Лишь немного пришла в себя путешественница, когда поняла, что стоит, вцепившись руками в ледяную чугунную ограду.
Перед ней, ловя полированными гранями креста последние лучи заходящего солнца, высилась церковь.
«Это знак…»
Под гулкими сводами было сумрачно и пустынно, святые сурово взирали на пришелицу со стен, тлели огоньки лампад, дурманил разгоряченную голову аромат ладана. Только сейчас, с запоздалым раскаяньем, девушка поняла, что потеряла или забыла у ТОЙ шляпку и суетливо накинула на голову шейный платок.
– Мир тебе, дочь моя…
Батюшка был стар и сед, голос его дрожал, но голубые, по-стариковски выцветшие глаза смотрели цепко.
– Здравствуйте, батюшка… – склонила голову Катя.

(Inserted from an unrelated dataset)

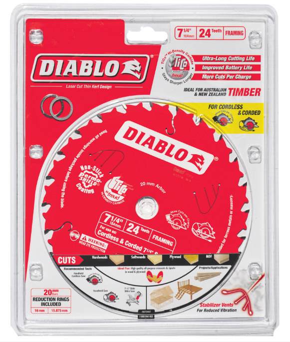 Diablo's next generation 7-1/4" 24T Framing Cordless Blade delivers maximum life and durability with Hi-Density carbide with Titanium & Cobalt blend for effortless cutting performance. The super thin kerf design allows unmatched cutting efficiency meaning more cuts per battery charge. This blade has 5 times the cutting life of a standard circular saw blade.
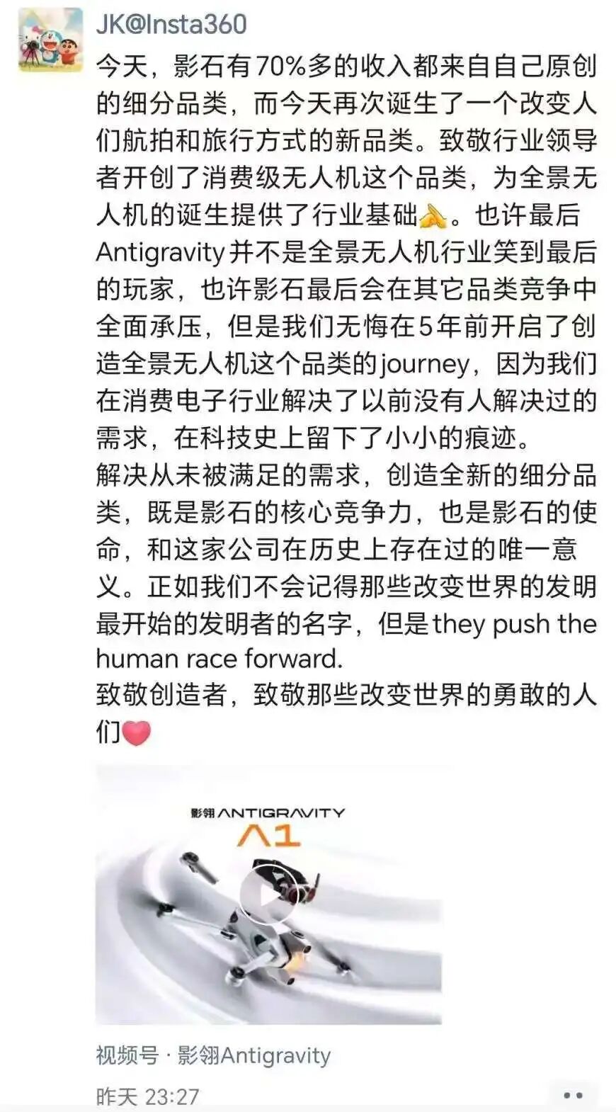 刘靖康在当天的朋友圈里提到,“也许影石最后会在其他品类竞争中全面承压。”

– Что ты ищешь в доме Божьем?
Екатерина не считала себя очень верующим человеком – трудно следовать Вере в нашем суетном мире, – но сейчас в образе старенького священника перед ней стоял сам Господь, и слова полились из ее груди рекой. И сегодняшняя обида, и прошлые, и многое-многое еще…
– Это грех, дочь моя, – покачал головой батюшка, когда слова исповеди иссякли. – Ты замыслила дурное: пойти против промысла Божия. А ведь не дано знать нам, грешным и сирым, промысел его, и должны мы покорно принимать все испытания, исходящие из длани его… Но Господь всепрощающ и милосерд. Иди с Богом, дочь моя – я буду молиться за тебя…
Но зерно благодати, посетившее Катю под церковными сводами, испарилось без следа, стоило ей выйти вновь под темнеющее небо.
«Почему желание вернуть любовь должно быть грехом? – снова и снова спрашивала она себя. – Разве любовь – это грех? Разве Господь не есть любовь?..»
Ноги сами несли ее вперед куда-то к неизвестной цели. Родной чужой город проплывал мимо, равнодушный к инородной человеческой песчинке, затерявшейся в его огромном теле. Встречные прохожие не замечали медленно бредущую девушку, обтекали ее, как неодушевленное препятствие, или, глядя вслед, крутили пальцем у виска. Первопрестольная привыкла к юродивым и сумасшедшим. Ее широкой души уже не хватает на всех…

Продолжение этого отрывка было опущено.